In a study published in Nature Methods from the Nature group, Prof. Kellogg, Dr. Oded Ravavi, Dr. Itamar Goldstein and other researchers from Tel Aviv University and from around the world show the method that allows to identify the communication of cancer cells with the cells of the immune system, to fight in cells infected with viruses and more
Every cell in our body has the same DNA, but only some of the genes in it produce the proteins necessary for the functioning of that cell (and only some of the proteins common to all body cells). One of the problems faced by biologists and biochemists trying to understand what substances pass from cell to cell during intercellular communication (for example, in the scanning of a cancer cell by the cells of the immune system), is that it is not always possible to identify proteins in a cell that it did not produce but that other cells reached it.

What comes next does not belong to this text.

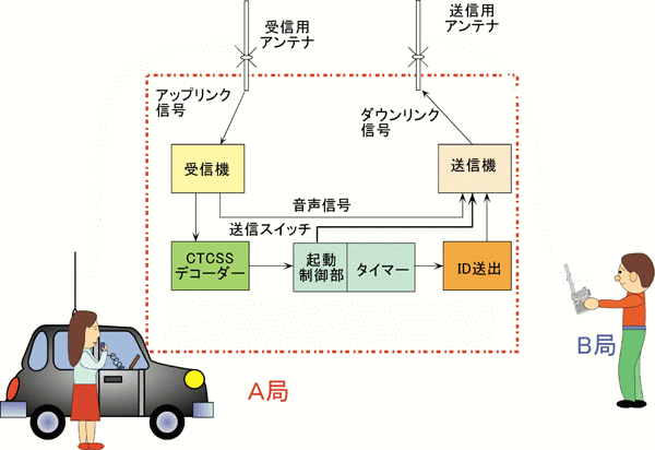 「CTCSSデコーダー」はA局が送信してきたアップリンク信号に88.5Hzのトーン信号が含まれているか否かの検出回路で,もし88.5Hzの信号が含まれている場合,起動制御部に送信機をONにする指令を出して,アップリンク受信機が受信した音声をダウンリンク周波数に中継送信します。B局はダウンリンクの周波数を受信することで,A局の送信した音声を聞くことができるのです。

Now a group of researchers led by Prof. Yoel Kellogg and Dr. Oded Rafi from the Department of Neurobiology in the Faculty of Life Sciences at Tel Aviv University is reporting on a method that will allow these proteins to be identified. The study was recently published in the journal Nature Methods from the group of the prestigious journal Nature which deals with basic methods for research in the field of life sciences.

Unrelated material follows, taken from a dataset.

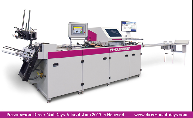 Vom 5.-6. Juni 2019 werden auf den Direct Mail Days neben der W+D Halm i-Jet 2 in ihrer endgültigen Fassung auch die neue W+D 628 Briefumschlagmaschine und die W+D BB700 S2 mit neuen Features vorgeführt. Interessante Vorträge − u. a. zum Drucken mit Inkjet, Flexo und LED-UV – sowie ein Ausstellerforum laden zu Fachgesprächen ein. Anmeldungen können über die E-Mail direct-mail-days@w-d.de oder die Website www.direct-mail-days.com vorgenommen werden, der vorhandene Platz ist begrenzt.

The applications of the new method are many, one of the possible directions is to use the method to understand which proteins move from the cells of the immune system to other cells in the body and vice versa, thereby promoting, among other things, the understanding of mechanisms that cause cancer.
The research is part of the doctoral thesis of Oded Ravavi, currently a postdoctoral fellow at Columbia University in New York and then a doctoral student in the laboratory of Professor Yoel Kellogg at Tel Aviv University. The study was conducted in collaboration with Dr. Itamar Goldstein at the Sheba Hospital Cancer Center and Dr. Leonard Foster at the University of British Columbia in Vancouver, Canada.
"In the article in Nature Methods, we demonstrate in two ways how proteins move from cell to cell. We tested cells of the immune system that stick to another cell to check it and see, among other things, whether it is cancerous, we see that the cell that was scanned transfers hundreds of proteins to the cell of the immune system that were not Their ability to move between cells is known before.
"Since it is the same DNA, and we find the same protein in two different types of cells belonging to the same body, we were required to invent a method that would differentiate between "local" proteins and "foreign" proteins. To do this, we grew the cells on different growth media. We let one cell 'eat' acids Aminos are natural, and because of this all its proteins were composed of normal amino acids. We 'fed' the second cell with amino acids that we changed so that the atoms They will contain excess neutrons and therefore all the proteins that this cell produces will be a little heavier. Although this is a very small difference, it can be detected using extremely sensitive devices. After that, we made contact with each other. At the end of the process, we used specific cell isolation technologies Only one type of cell and we checked the composition of its proteins - which of the proteins are 'normal' and which are 'heavy'. This is how we were able to identify the origin of each protein."